If you are still unsure about why you should fast, I recommend reading my last blog post, Fasting: Ancient Secret for Modern Health, first.
Now that you’ve decided to try fasting, what type of fast should you do?
Types of Fasts
This is probably what most people think of when they think of fasting. It’s definitely the most straightforward. You simply don’t eat or drink anything. I absolutely do not recommend dry fasting for an extended period of time except for with medical supervision. Dehydration can have serious side effects. In fact, the only time I have dry-fasted is when my doctor told me to before a procedure.
Basically, take the dry fast and just add water.
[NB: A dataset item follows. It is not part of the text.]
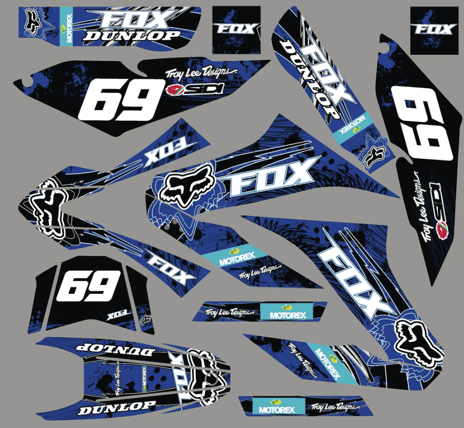 Pour une personnalisation encore plus poussée, vous pouvez customiser votre Kit déco Yamaha WR 125 – Fox Blue avec nos différentes options comme la base du Kit déco, la finition et pourquoi pas ajouter votre pseudo ou bien changer le numéro.

A water fast can last just about any length of time from a day to a few days to a few weeks. Although I would recommend going no longer than a few days without consulting your doctor.
Liquid or Supported Fast
On a liquid or supported fast, you drink only fluids and avoid solid food. On a supported fast, liquids can include water, coffee, and bone broth.
Tracy and I have done a couple of 3-day supported fasts with great success. A supported fast is a great way to ease your body into fasting. We drink lots of water, including lemon-ginger water with a dash of Himalayan salt. The lemon-ginger water helps support electrolytes. We also drink our fat-fueled coffee in the morning, and I usually have a cup of bone broth in the evening.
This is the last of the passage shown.